Everyone starts somewhere, and this is something that I’ve got some small experience with and am glad to see you excited about it.

There’s a gap in my analysis that I just realized when I returned to this thread. So a third use case to add to the two identified above:

  1. mTLS between TiddlyWiki and other services (eg: caddy, nginx, etc)

The issue that mTLS introduces (which I overlooked above) is that there might be some certificate presented to TiddlyWiki that is not an end-user certificate, but validates that the connection comes from a trusted source. For example, when configuring proxy settings on caddy, it might look like this:

example.com {
    reverse_proxy /wiki/* https://localhost:8443 {
        transport http {
           tls
           tls_client_auth /etc/PKI/example.com/client.crt /etc/PKI/example.com/client.key
        }
    }
}

Just an (unvalidated) example based on reading the documentation, so please don’t try to just copy+paste this for your own deployments without testing! But it shows the point, that the proxy server itself could be sending its own certificate to the upstream server (ie: TiddlyWiki), not the certificate for the end-user. This proxy certificate lets TiddlyWiki know that the connection is coming from a trusted proxy, but doesn’t actually tell it anything about the end-user who is accessing the wiki.

In such a configuration, I expect TiddlyWiki might use the existing WebServer Header Authentication, or HTTP Basic Auth, or the authentication service built in to MWS. For a single sign-on environment, I’d expect the proxy to validate the user certificate and then pass the valid username to the back-end service, which can do authorization based on that. This is really something separate from client certificates in TiddlyWiki itself, since I could already do this with a TLS-terminating proxy that authenticates the user and then proxies to the current Node.js TiddlyWiki on the back-end.

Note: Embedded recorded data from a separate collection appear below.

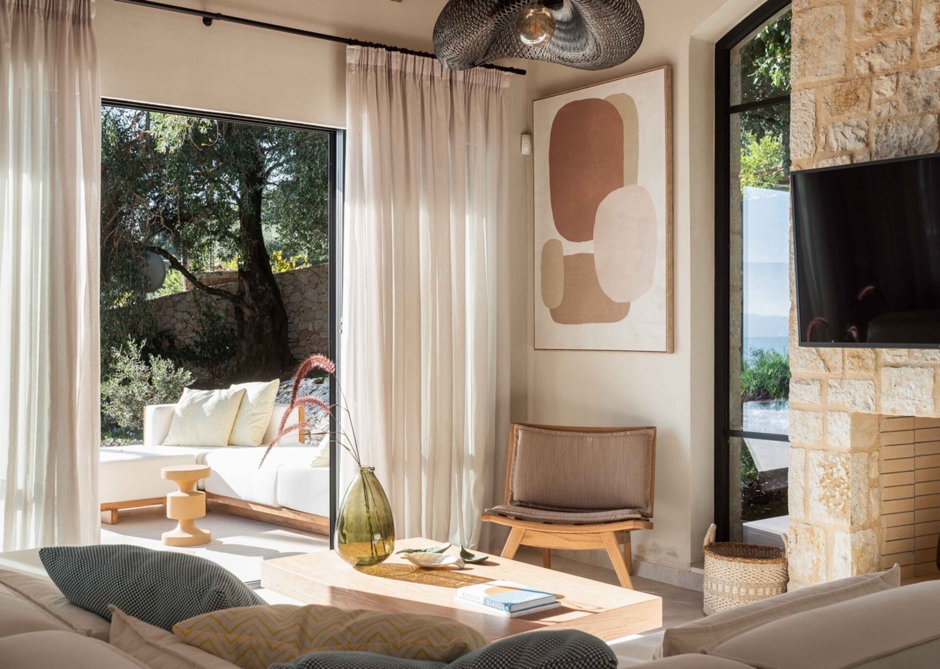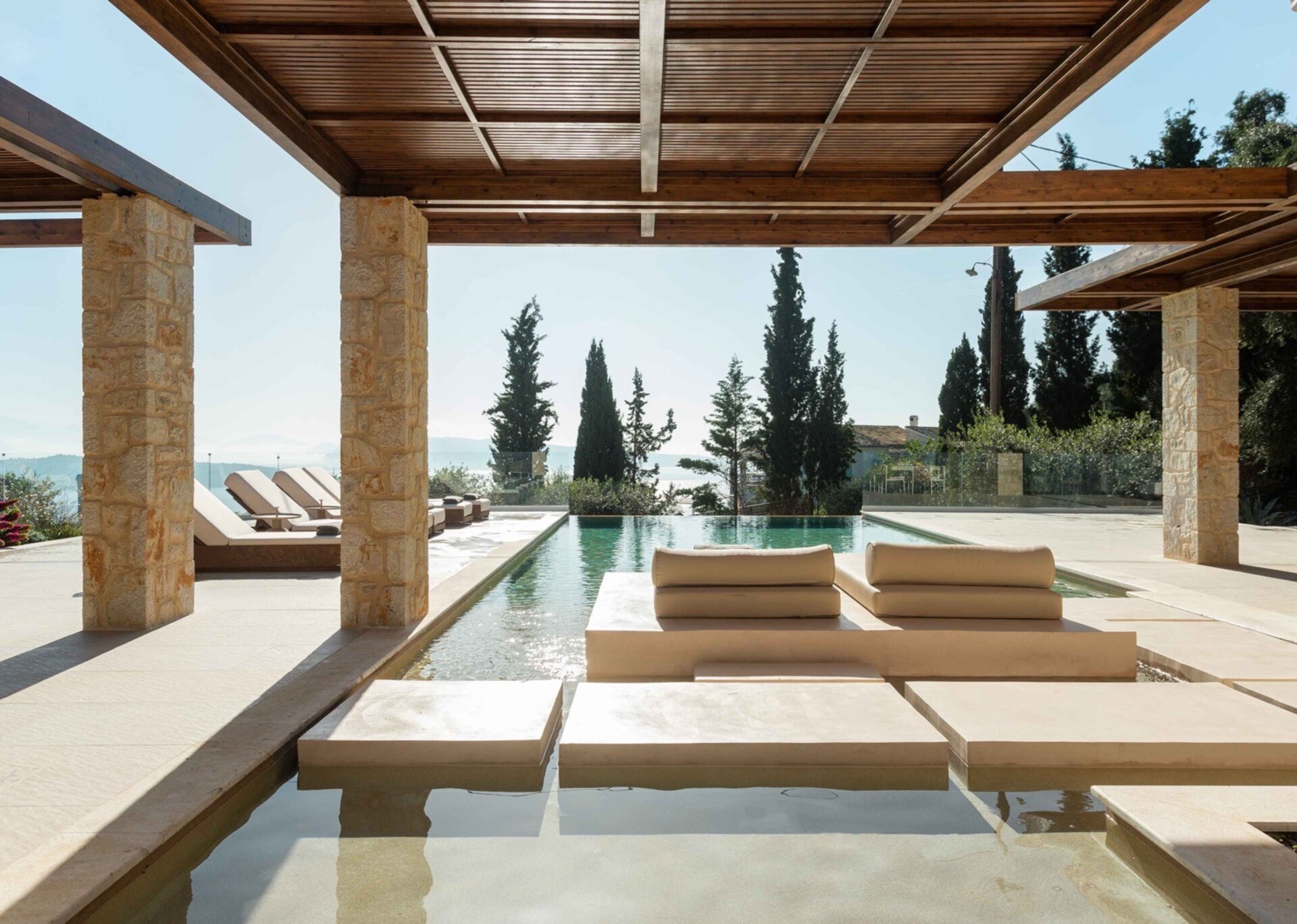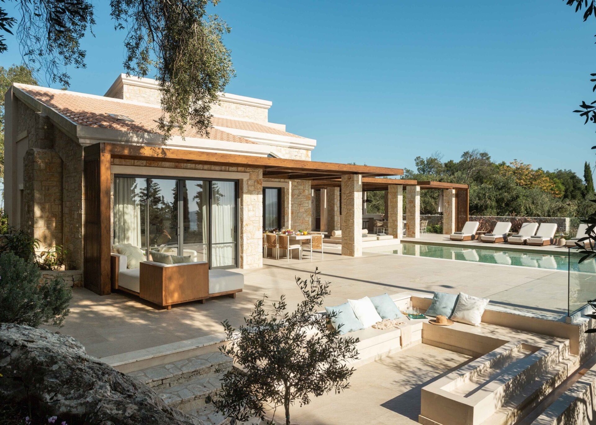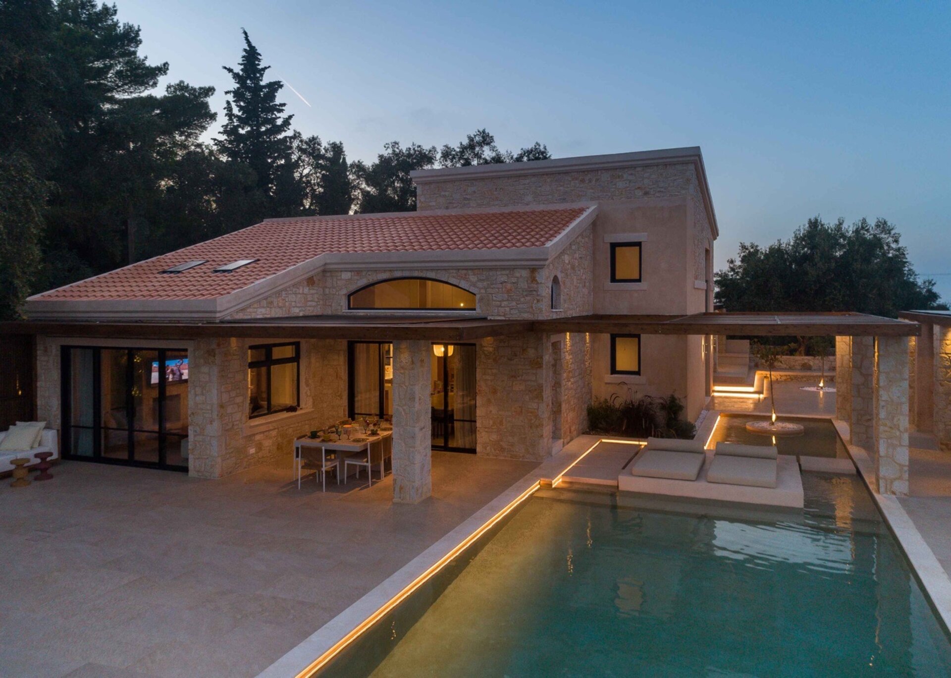Located in the enchanting San Stefano area in the north-eastern part of Corfu, Villa Levi is a top-tier holiday property that recently underwent refurbishment to offer every degree of modern comfort for a relaxing and carefree stay. With state-of-the-art architecture and interior design that boasts exquisite furnishings and materials, this villa is spacious enough to house up to 12 guests. It features a two-story main house and a separate guesthouse, both offering an elevated level of privacy.
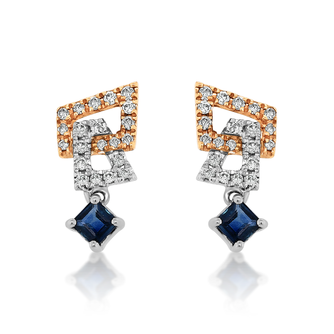 Cercei din aur roz de 18K, cu elemente din aur alb, încrustați cu Diamante de 0.09ct. și Safire albastre.
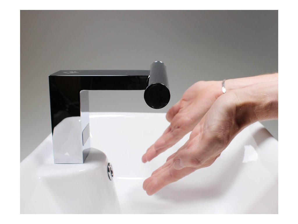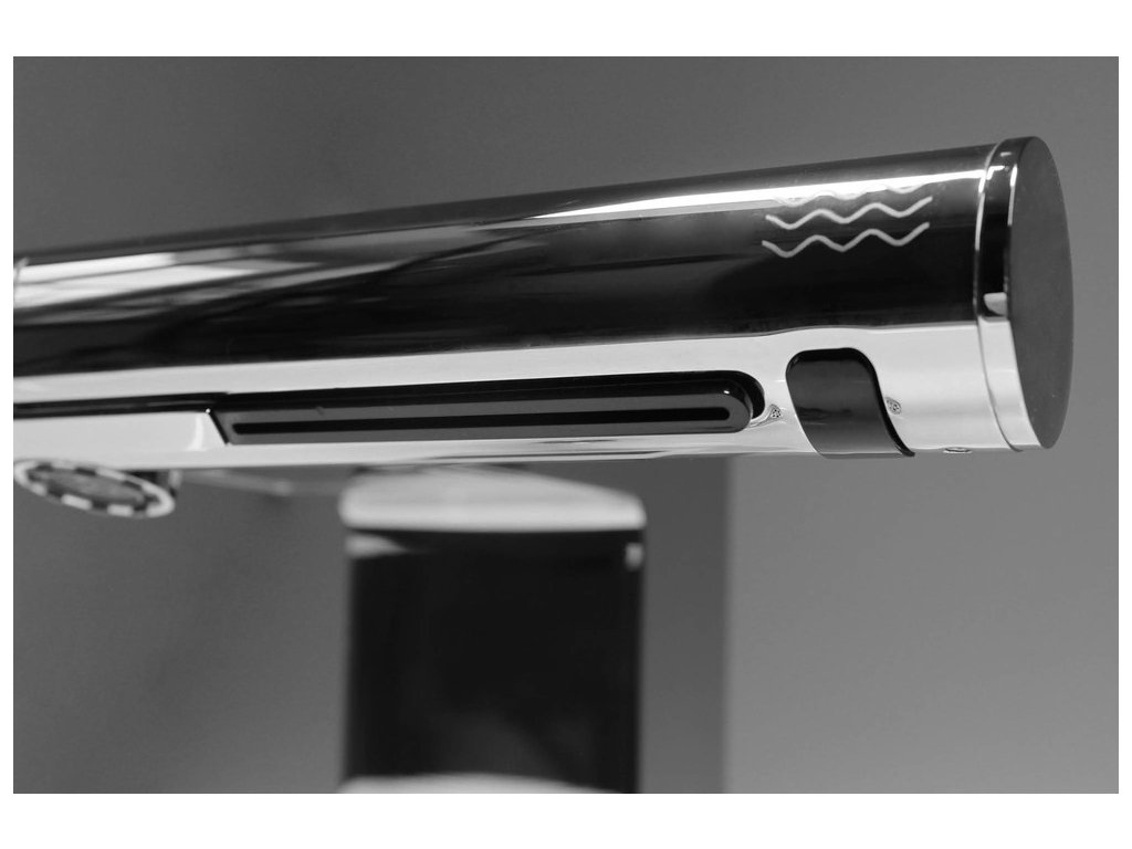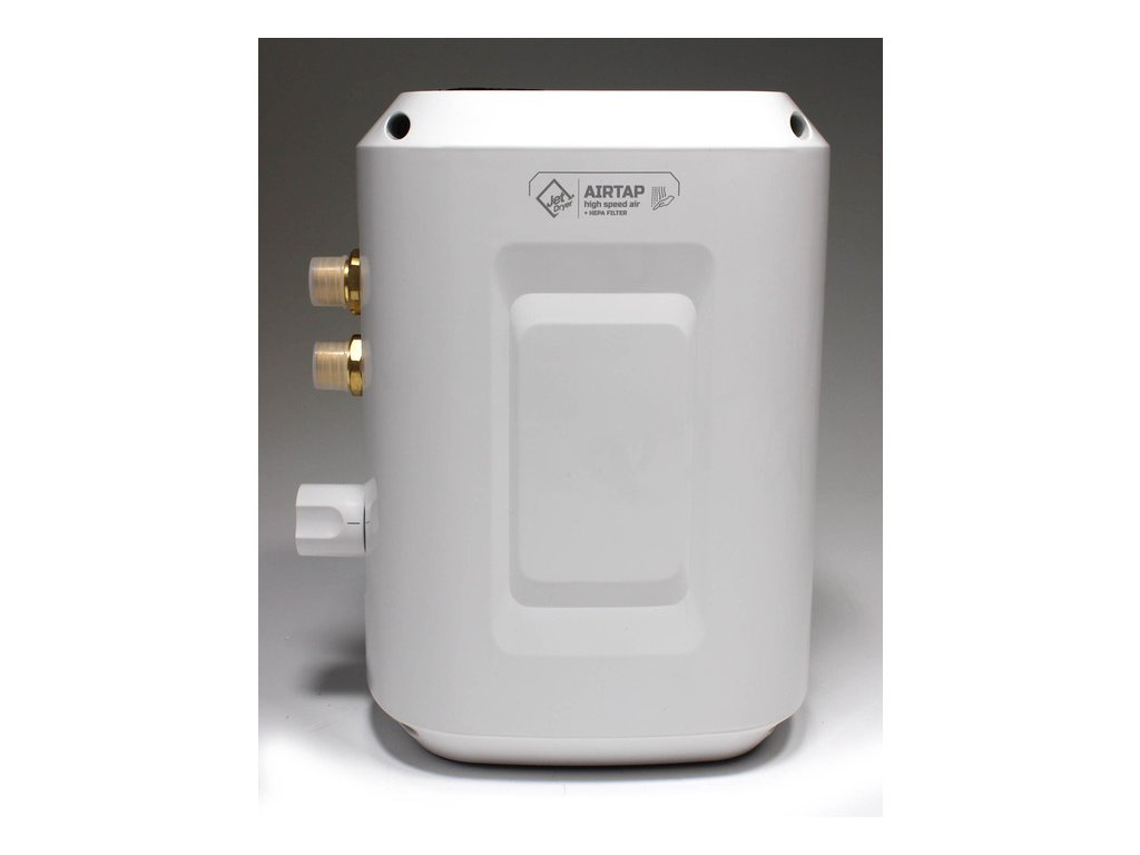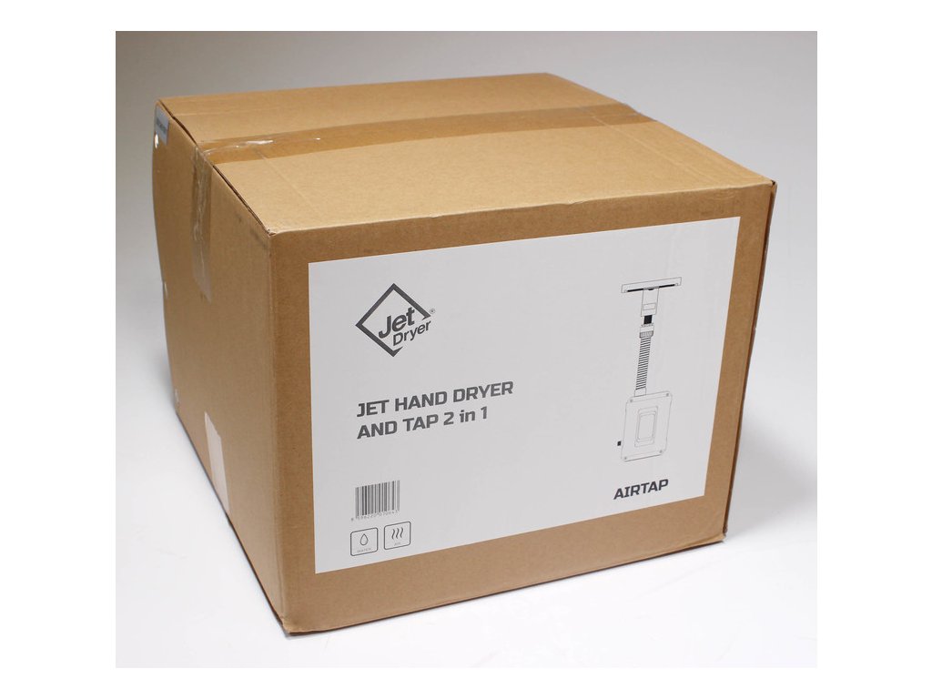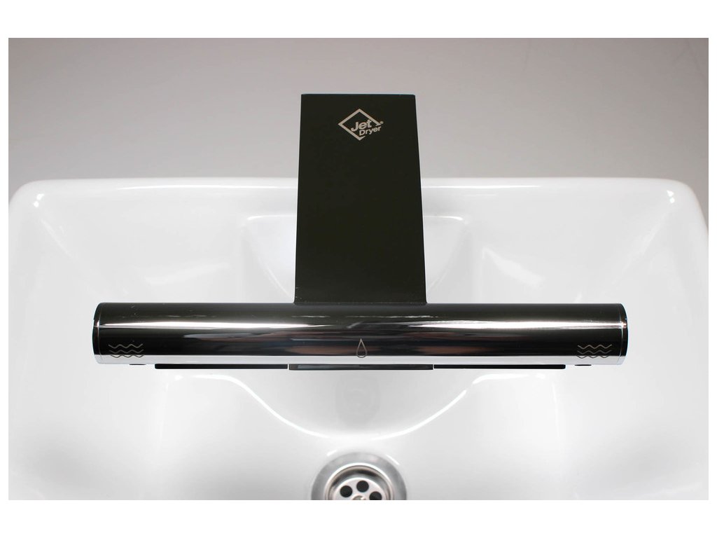 Inovativní vysoušeč JET DRYER AIRTAP Hranatá - chrom, hygienické mytí a sušení rukou – jednoduché, rychlé a pohodlné. Své ruce jednoduše vložíte doprostřed pod vodovodní baterii, automaticky začne téct voda o předem nastavené teplotě. Po stranách baterie se nachází dvě trysky vysoušeče. Spuštění vysoušeče je rovněž bezkontaktní, stačí pod trysky vsunout ruce a dle potřeby je osušit.
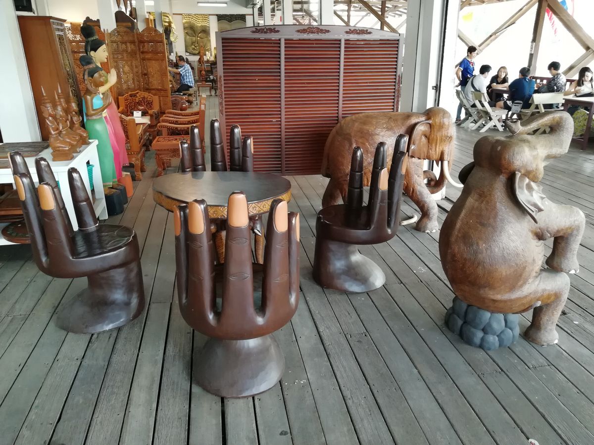 個人的なオススメは、ココナッツアイス(ボートの上にアイスのタンクが載っています)のボート。見た目も味も素晴らしいです。そして揚げバナナ(ボートの上で油で揚げています)のボート。絶妙な甘さと油分が病みつきになりました。マーケットの入口から見える運河に停泊していることが多いと思います。早く買わないと行ってしまうかもしれないので、急いだ方が良いでしょう。なお、陸上では民芸品や木彫りのオブジェ(職人とみられる方が制作中のものもありました)、食器、絵画なども売られています。物によってはかなり高額です。

For the moment, the only other component I’ve used in deploying a Node.js install of TiddlyWiki is a reverse proxy, but I wouldn’t be surprised that other people incorporate TiddlyWiki into larger systems. Perhaps scripts or programs integrating with TiddlyWiki via the HTTP API. And what about Tiddlers that fetch content from other services? Putting a client certificate onto that request sounds like an interesting challenge.